Warum stört mich heute alles? Vorher hat es mich auch nicht interessiert, aber nachdem ich Matteo wieder gesehen habe, veränderte sich meine Sichtweise auf Mauricio.
Matteo hätte uns schneller in den Club gebracht. Er hatte mir die Tür aufgehalten, darauf bestanden zu bezahlen und wäre mit mir tanzen gegangen. Matteo zerstört schon wieder alles.

Laut atme ich aus und öffne die Flasche. Mauricio ist in der Zeit wieder zurückgekommen und drückt sich die Flasche an den Mund und trinkt mehr als die Hälfte aus. Mit meiner Zunge gleite ich über meine Zähne und trinke meinen Caballito aus.
Bei Gott - ich werde ihn gleich schlagen.

„Es ist echt schön hier", ruft Mauricio durch die Menge, legt seine Hände auf meinen nackten Oberschenkel und dreht mich auf dem Drehstuhl zu sich um. „Wollen wir tanzen gehen?", fragt er und legt seine Lippen auf meinen Hals. Na endlich.

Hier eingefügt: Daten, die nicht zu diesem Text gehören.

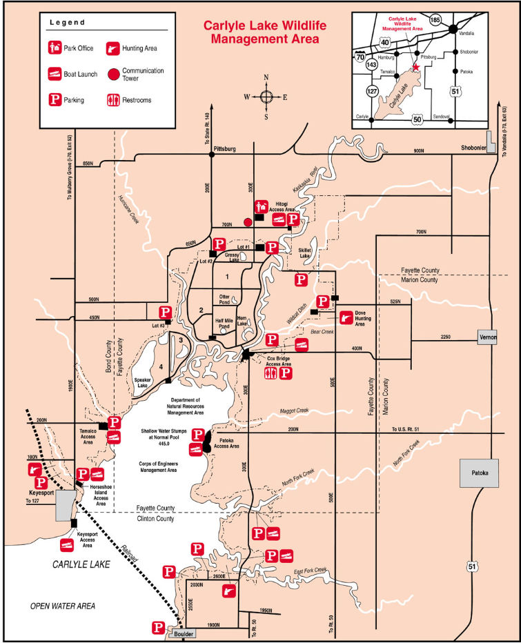 A tremendous variety of outdoor recreational opportunities and natural beauty awaits you at Carlyle Lake State Fish & Wildlife Area, 60 miles east of St. Louis, near Vandalia. The area is at the northern end of Carlyle Lake and at the southwestern tip of Fayette County.
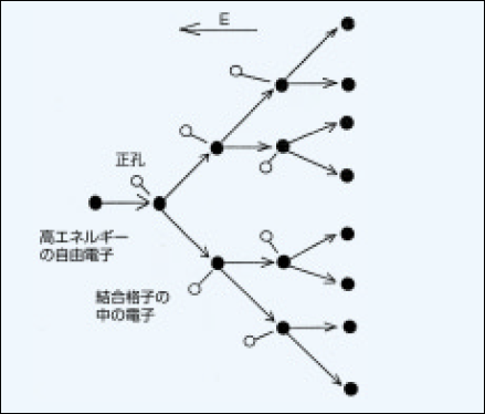 これらの方法で飛び出してきた電子が加速され陽極に向かいながら図4-2のように次々と電離と励起を起こし、電子なだれが発生し放電が開始していく。キセノンランプではイグナイタと呼ばれる高電圧の発生装置(約30kV)で電極に強電界をかけて電子を飛び出させる。この電子によって次々に発生した電子あるいは陽イオンが電極に衝突することによって、電極に熱を与えさらに多くの電子を飛び出させることになる。
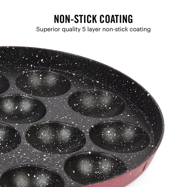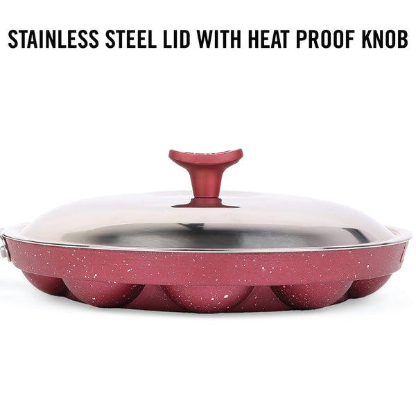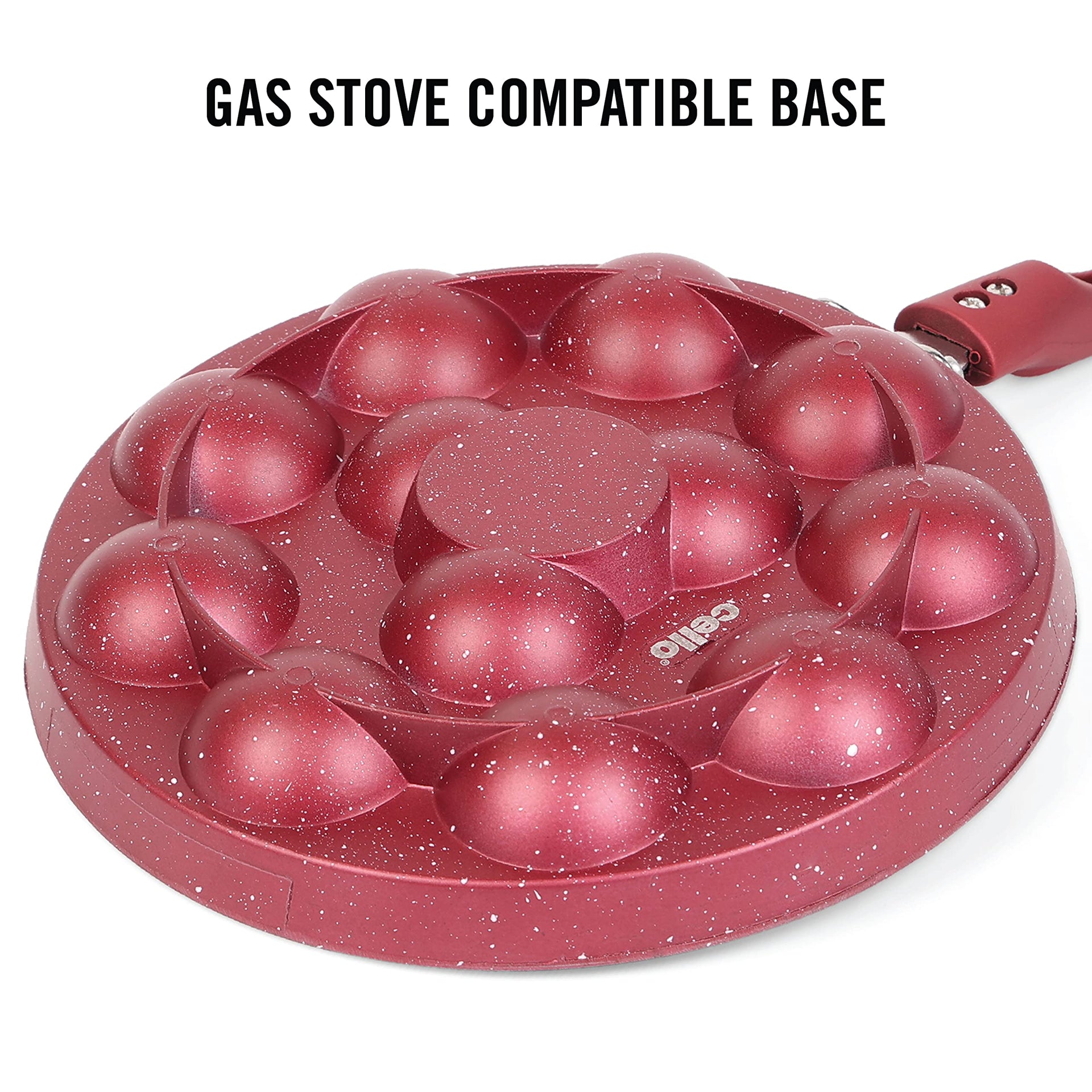 CELLO Crown Single Handle Appam 12 Cavity -Maroon (Aluminium)
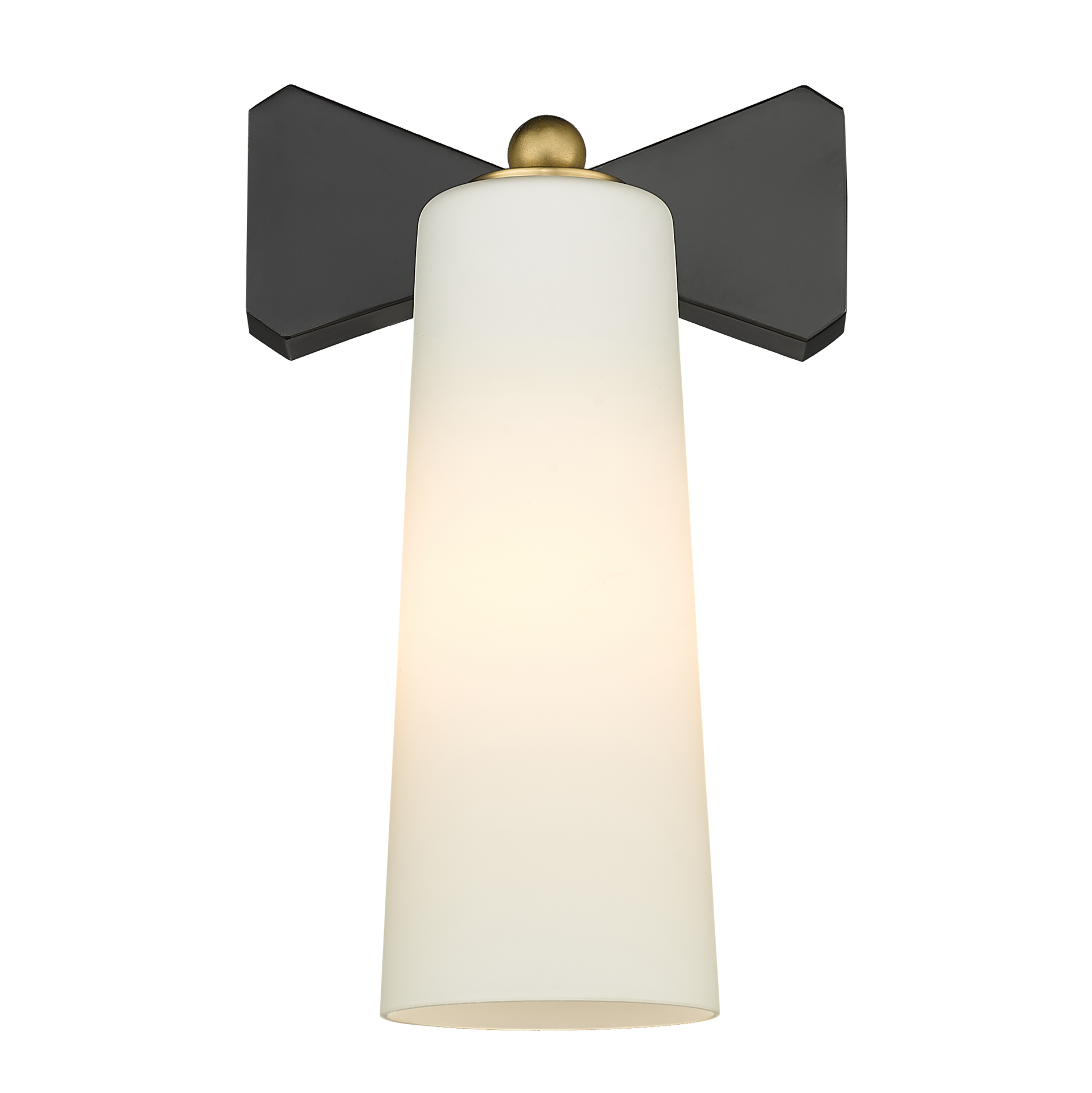 Kinkiet z elementem kokardy, kobiecy i elegancki. Opalowe szkło połączone ze czernią to zawsze udany duet.
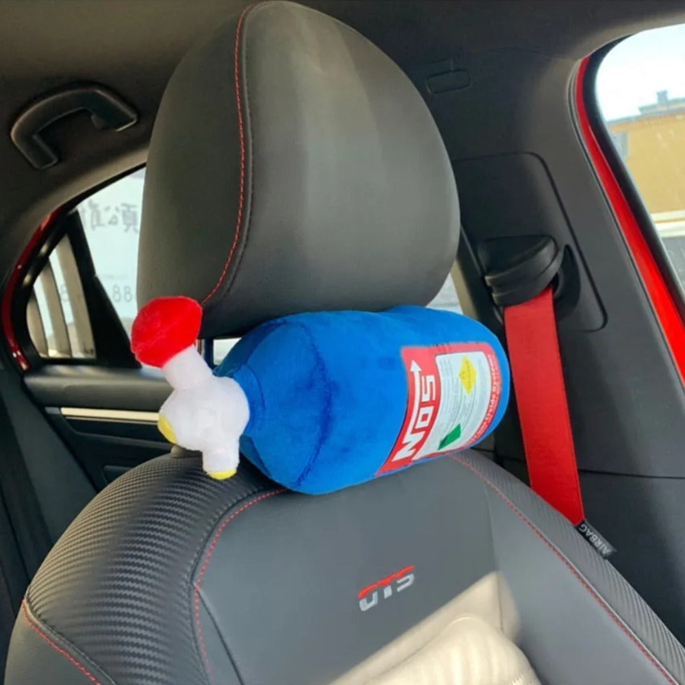 Give your car interior a boost of speed and style with this NOS Bottle-themed headrest! Inspired by racing culture, this plush nitrous oxide (NOS) bottle design brings both comfort and a high-performance look to your ride. Whether you're a car enthusiast or just love cool accessories, this headrest is the perfect addition for a smooth and stylish drive!

Er greift nach meiner Hand und zieht mich durch die Menge. Nacheinander stoßen mich Leute von den Seiten an und so langsam verliere ich die Lust an alldem hier. Zu Hause war ich die Göttin und alle haben für mich Platz gemacht, damit Aven und ich in Ruhe tanzen konnten. Ach ja, ... Aven. Sie musste ich auch zurücklassen. Sie hat die Uni abgebrochen und eine Ausbildung im Einzelhandel abgeschlossen. Wir schreiben kaum noch, aber das ist okay. Ich vermisse sie zwar, aber ihr Leben geht schließlich weiter. Eine Hand an meiner Schulter zieht mich nach hinten und von Mauricio weg.

„Maur-", sage ich, doch er beachtet mich nicht einmal. Schnell drehe ich mich um und schaue in das Gesicht von Matteo.